I had the Magic Jack back in 2008 and it seemed to get hot also and eventually burned up too! My internet or WiFi connection stateside was only 1G and it was barely usable, on rare events it worked but the phone calls were horrible so I agree with another poster they recommend higher internet speeds for the magic Jack, I see these Magic Jack units now are USB plug in's, mine was the larger unit with electrical lights, I'll bet in a few years it will be a downloadable application.

Technology will probably take this company out soon, with tablets and some phones you can run video calls with Skype for free.


----------



## jon1 (Mar 18, 2012)

mcalleyboy said:


> I'll bet in a few years it will be a downloadable application.

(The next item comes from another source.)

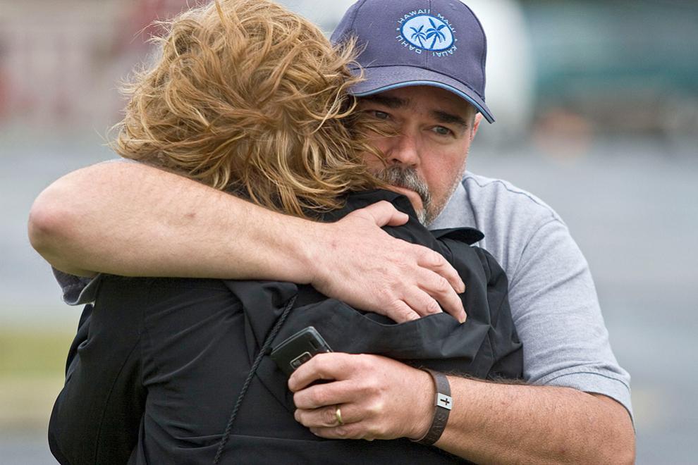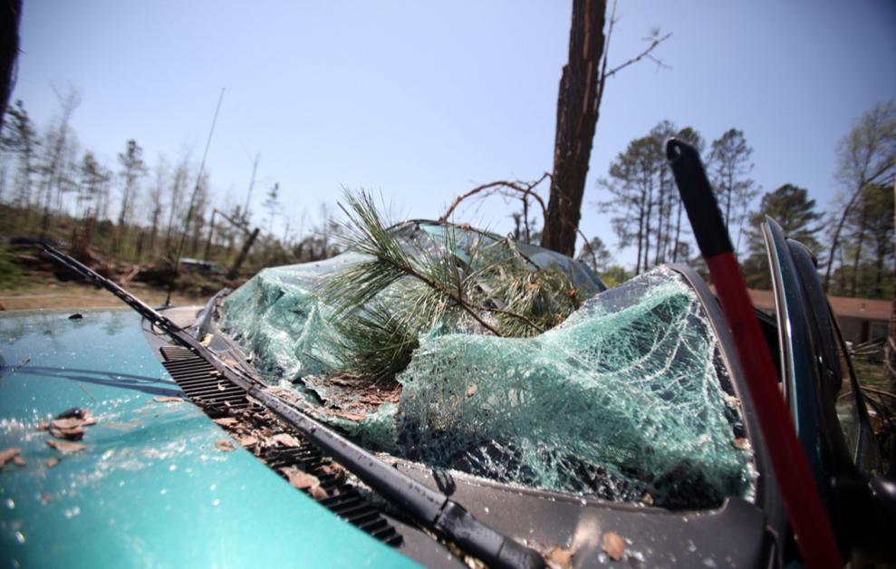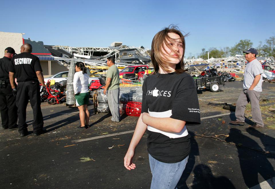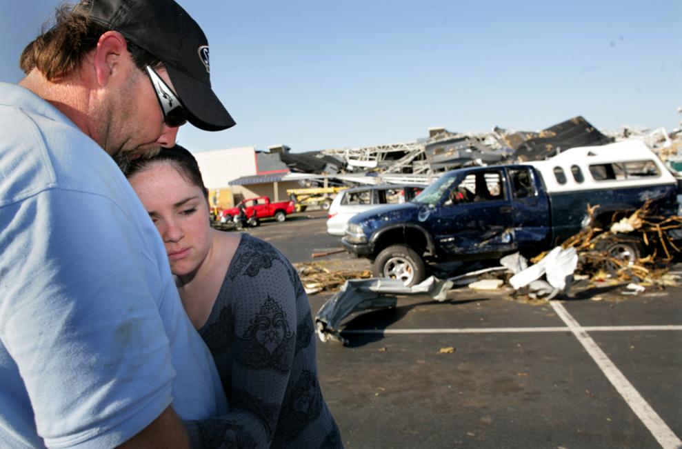 1. Крис Нельсон с 15-летней дочерью Андреа на стоянке перед магазином «Lowe's» в Сэнфорде, штат Северная Каролина на следующий день после торнадо. Нельсоны были в магазине, когда это случилось. Они вернулись на следующий день за своим автомобилем (на заднем фоне справа). (AP Photo/Ted Richardson)

It already has a downloadable app for IOS and Android. You can install the app and make calls for free between Magic Jack users or buy a number, receive/make calls like the MagicJack Plus device uses. 

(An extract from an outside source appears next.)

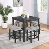 Complete your space with this industrial 5-piece kitchen table set featuring a rustic counter-height bar table and four matching upholstered stools. Crafted with high-quality imitation wood grain surfaces and sturdy MDF construction, this durable pub table set comfortably seats four while maximizing small spaces. The stools feature tactile soft fabric with high-elasticity foam cushions for ergonomic comfort and tuck completely beneath the table when not in use. Perfect for kitchens, apartments, bistros, and game rooms, this set arrives in ISTA 3A certified packaging for easy assembly and immediate use.

The internet throughput is the biggest part but if you are good on Skype you should be good on MagicJack.


----------



## overmyer (Aug 15, 2013)

Maxx62 said:


> Recently my Magic Jack adapter has developed an intermittent overheating problem, which causes it to stop working until I unplug it, and allow it to cool down for a few minutes. I have the power plugged into an AVR, so I'm pretty sure the voltage spikes are not the problem, and I'm keeping this thing away from direct sunlight also. Just wondering if anyone else has had this problem? I had the same problem when I first got it two years ago, but then the problem seemed to mysteriously resolve itself on it's own.


I had a Magic Jack Plus that did the same and then died completely when it was only a few months old. My older, original Magic Jack still works fine after all these years. I also use the app on my android smart phone and it also works fine. The app is linked to the original's number and I can pick up any incoming calls with it (as long as I have a wifi signal). I have not tested it using 3G mobile internet service.


----------



## Maxx62 (Dec 31, 2013)

Just a quick update, I moved my Magic Jack to its own power strip, and it seemed to be doing fine for a few hours, but then it glitched out again, and stopped working, but this time it didn't get hot before it failed. I added a cordless phone to my Magic Jack on Christmas, so I'm going to remove the cordless phone, and replace it with the original corded phone I've been using for the past two years without trouble.


----------



## Maxx62 (Dec 31, 2013)

Just a quick update in case anyone else is still looking at this. A couple of weeks ago I took the small USB power adapter, and flipped it around so that prongs switched position as they plug into the power strip. It still seems to be getting a little hotter than I like, but so far it hasn't seem to have glitched out or to have stopped working lately. I don't know if what I did actually had any cause/effect on the problem, but I thought I would include in case anyone else has same problem, and would like to give it a try. Hmm...I feel like I'm a caveman poking a dead bird with a stick. Hmm..What have we got here?


----------